06 Mar How long until wages and expectation in poorer countries match Australia’s?
Here is an interesting question sent to us recently, and my response:
Hi.. I finished reading your book today.. It was a great read! A bit of an eye opener for what lays ahead.. But that info will enable people to better prepare for it… A question, in the countries we’re off shoring work, do you see in a generation or two the same feeling of entitlement we currently have here? i.e. push for higher minimum wages. We’re all human and always want more than we have!.
My Response:
Hi! I’m glad you enjoyed the book. Please give it to someone else to read as well. Particularly someone in a non-management white collar job, or someone with kids in high school.
If I take Philippines as an example, I see a slow increase in wages and working conditions there, but wages will never get to Australian levels, and neither will living costs – we are a global anomaly, this is NOT normal.

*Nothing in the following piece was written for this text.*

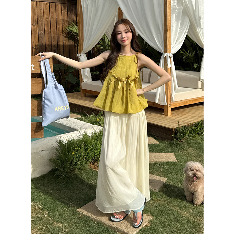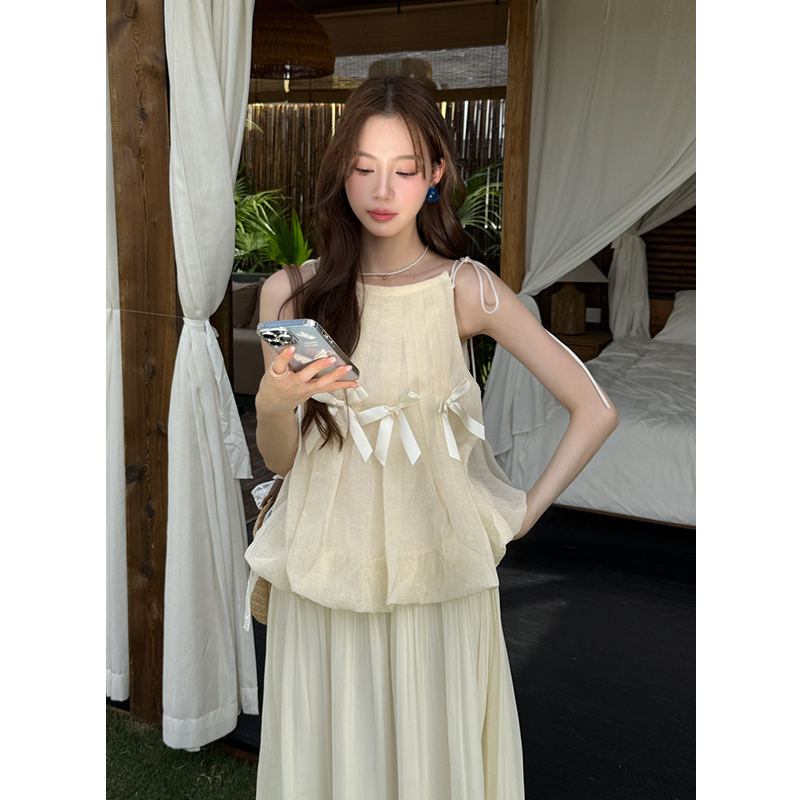 BY16568# 夏季新款纯色无袖雪纺衫+雪纺半身裙两件套女时尚套装 服裝批發女裝批發服飾貨源

When they eventually get to high employment, and have 2-3 generations of high employment, then yes they will develop an expectation that it is normal and that they are entitled to wealth and luxury. But that’s realistically probably going to take 50 years. They are a population of nearly 100 million, turning out 500,000 university graduates each year (and pretty skilled at breeding), and Australia may end up sending them 1 to 1.5M jobs – its a drop in the proverbial bucket.
The sense of entitlement is developed when memories of the REALLY hard times (not enough food, no work, no jobs) leave the collective consciousness of a country. For Australia, those times were WW2 and before that the Depression. We are 2-3 generations away from those memories now. We have successive generations of greater than 90% of the population who cannot imagine a poor Australia.
Think of it in terms of Maslow’s heirarchy of needs. We are so far away from thinking about the base layers, that we have forgotten they even exist.